The virus has the ability to connect to such locations. COVID has also been demonstrated to diminish the amount of testosterone generated in studies. The reduction of testosterone has been demonstrated to increase the probability of a more severe COVID-19 reaction.
And, he added, the decrease of testosterone raises the risk of ED. Other mechanisms could potentially be at work.
Parts of the coronavirus were detected in the penis of numerous persons who had recovered from COVID-19 but had become impotent, according to researchers at the University of Miami earlier this year. COVID-19 is known to harm blood vessels, according to scientists, and the virus appears to have damaged the vessels in these individuals’ penises, obstructing blood flow and affecting sexual function.
There are numerous key drawbacks in Katz’s research. While researchers were able to search a database of UF Health patients whose identities were kept hidden, codes only disclosed diagnoses, not complete medical histories. One of the drawbacks is the inability to determine the severity of each patient’s COVID-19 and other conditions that may have contributed to the ED.
Furthermore, researchers could only make one condition adjustment at a time. So, while they could control for diabetes, they couldn’t adjust for both diabetes and obesity.
More research is needed, according to the researchers. Scientists, on the other hand, are increasingly considering the notion that ED is just one of many long-term COVID symptoms.

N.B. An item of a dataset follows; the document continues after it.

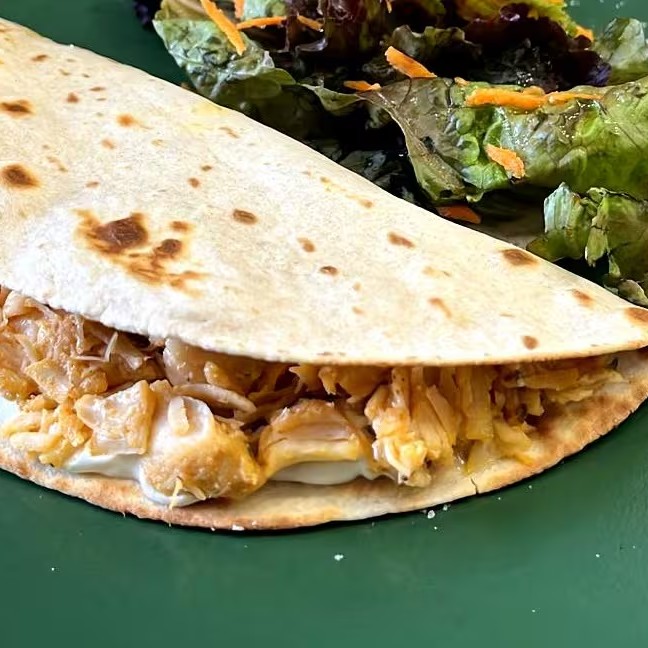 Wrap com frango desfiado e requeijão cremoso.

In fact, in September, a review published in Sexual Medicine Reviews looked at the evidence for a link between sexual dysfunction and COVID-19.

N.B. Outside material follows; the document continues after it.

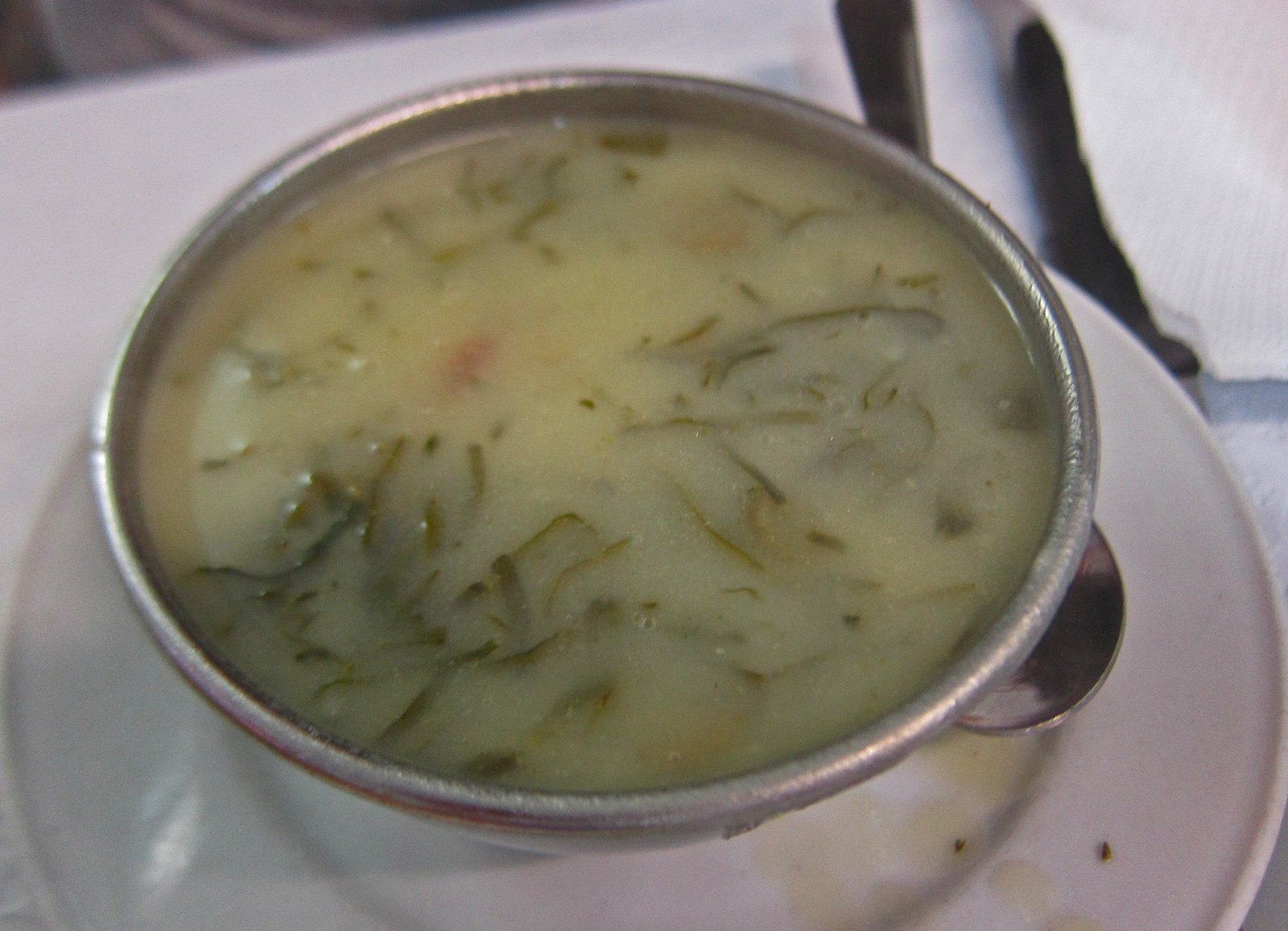 The Missus wanted to try Caldo Verde, a simple, but hearty soup thickened by potato, containing thin slices of kale.

“According to a publication co-authored by researchers from Johns Hopkins University and the University of California, San Diego, the evidence that COVID-19 infection causes or influences ED is substantial.
An relationship between ED and COVID-19, according to Kevin J. Campbell, M.D., an assistant professor in the UF College of Medicine’s department of urology focusing in men’s health, including ED, would not be surprising, and he believes the study raises relevant questions.
Campbell, who was not involved in the research and is not a co-author, pointed out that viral diseases, such as influenza, have been associated to lower testosterone levels and sexual dysfunction.
“During viral infection, there is chronic inflammation throughout the body, and returning to balance and regular body rhythms might take time, he said.
Katz feels the apparent link between ED and COVID-19 is much larger than the figures in his study show, owing to the stigma associated with ED, which renders men less likely to report it to doctors.
A COVID-19 immunization, according to Katz, is something that everyone should obtain. He feels his research provides another another reason.
“Sex is such a crucial aspect of life,” he explained, “that maybe will make people think, “OK, maybe I should be vaccinated.”
The study was done with the help of biostatistics specialists from the University of Florida’s College of Public Health and Health Professions.
Most people with COVID-19 are no longer contagious 5 days after they first have symptoms and have been fever-free for at least three days.
If you’ve been exposed to COVID-19, your first reaction could be to be tested right away. However, testing too early during the incubation period can result in a false-negative result and, worse, a false sense of security.
The interval between becoming infected and experiencing symptoms is referred to as the incubation period of an infection. When it comes to COVID-19, that period can range from the first day after exposure to five days after no symptoms.
We understand that keeping track of all the many standards and suggestions can be difficult. Here’s a timeline of COVID-19’s incubation phase, along with some answers to your burning questions. If you have tested positive for COVID-19 or have been exposed, see your doctor right away. He or she can monitor your symptoms, provide treatment, and provide information on quarantine and testing.